The AUA 2026 Annual Meeting opens tomorrow in Washington, DC. For those tracking BPH/LUTS, the program is dense across surgical, device, medical, and digital health innovation. A few threads worth sharing for colleagues who can't be on the floor:


AUA 2026 Preview: BPH/LUTS key themes &innovations

  • Long-term and real-world durability data is catching up to the proliferation of options. Five-year Optilume BPH (EVEREST, IP21-21) and final three-year PINNACLE results (PD03-09), three-year multicenter Rezum in large glands (IP54-12, IP54-24), nine-year PAE follow-up (IP21-18), 10-year HoLEP via Epic Cosmos (PD03-14), and a nationwide five-year reoperation analysis across eight procedures (IP21-22). The conversation is shifting from "does it work?" to "how does it hold up?"



  • The next wave of devices and stents is well represented. 24-month outcomes from the Provee prostatic urethral stent (IP21-01) and its new delivery system (IP21-02), 24-month Rivermark FloStent (RAPID-II, PD03-02), iTind vs UroLift interim results (MT-08, IP21-03), Urocross Expander 12-month and intentional retrieval data (IP03-08, IP21-26), Zenflow Spring System 12-month satisfaction (IP29-27), the ALPFA GRAIL system (IP21-15), and first-in-human intraprostatic drug-eluting bioabsorbable implants (IP21-17, IP54-09).



  • Ejaculatory and sexual function has become a primary endpoint, not an afterthought. CLEAR RCT 12-month results (UroLift vs Rezum, IP54-03), HoLEP vs Aquablation propensity-matched analyses (IP54-04), 5-year MTOPS sexual function data (IP03-06), ejaculation-sparing ThuLEP (PD03-13) and blue laser (IP29-17, IP29-18), the Progator metal-free sling (IP21-24), and PUL semen parameters at 18 months (IP03-05).



  • Medical therapy is evolving in parallel. Vibegron in men ≥75 with OAB on BPH pharmacotherapy (COURAGE subgroup, IP15-20), mirabegron + tamsulosin combination Phase III (PD03-11), tadalafil 5mg RCT for post-HoLEP storage symptoms and ED (IP03-12), GLP-1 agonists and risk of surgical escalation (IP15-19), and a finasteride and male breast cancer signal in TriNetX (IP15-21).

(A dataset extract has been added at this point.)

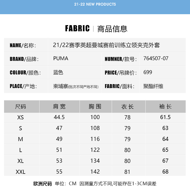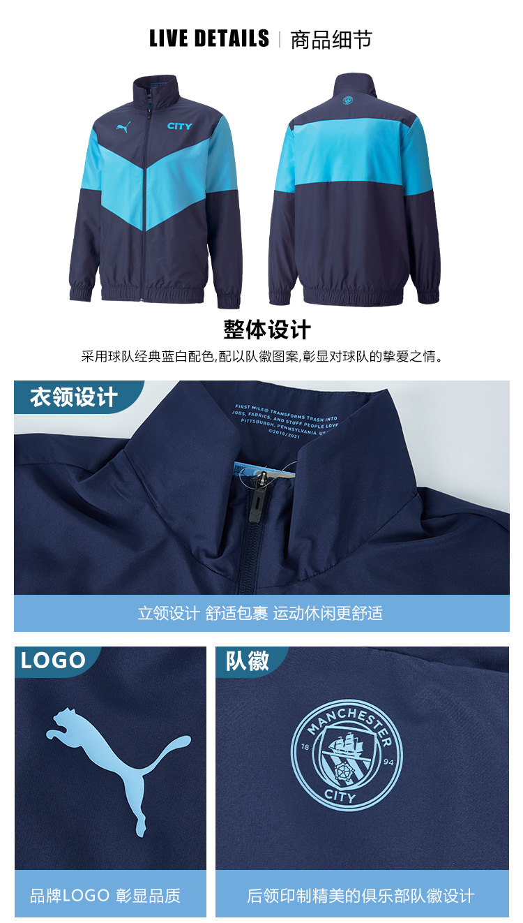 SFS彪马正品PUMA曼城休闲运动外套赛前热身拉链夹克 764507-07

  • Smartphone, AI, and home-based monitoring is becoming its own category. EasyVoid (Stanford, IP15-01), AI-generated uroflowmetry in post-HoLEP patients (Cooper, IP54-01), AI software for predicting pharmacologic response and diagnosing BOO/DU (Samsung Medical Center, IP21-23 and PD03-10), wearable-device sleep outcomes after BPH surgery (IP15-25), and real-world adherence data from a large commercial home uroflowmetry database (IP15-27, presented by Dr. Bilal Chughtai), which is our work at Soundable on proudP.



  • Patient-centered outcomes are showing up across sessions, including surgical regret (IP21-07, IP21-29), how recovery is communicated (IP29-20), and the quality of risk discussion (IP54-11).

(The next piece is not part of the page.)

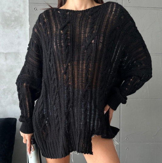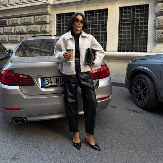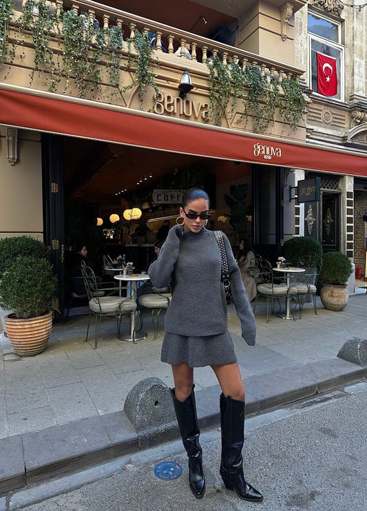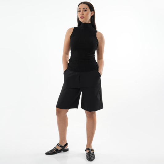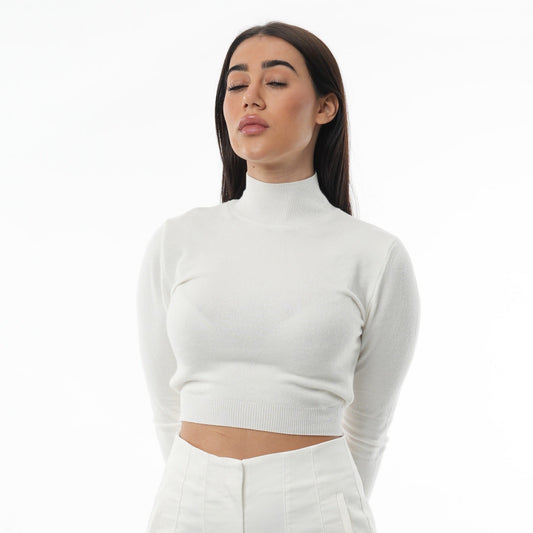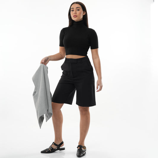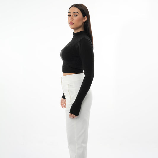 Turtle Neck Long Sleeve Knit Crop Top | Black

  • On the biology side, microplastics in BPH tissue (IP15-11), proteomic aging clocks (IP15-16), and several mechanistic looks at 5ARI resistance offer hints of where the next wave of medical therapy thinking may come from.



One observation: the BPH treatment menu has expanded faster than the comparative evidence base, but this year's program suggests the gap is closing. Patients and clinicians are getting closer to making decisions on real data, not just first-launch enthusiasm.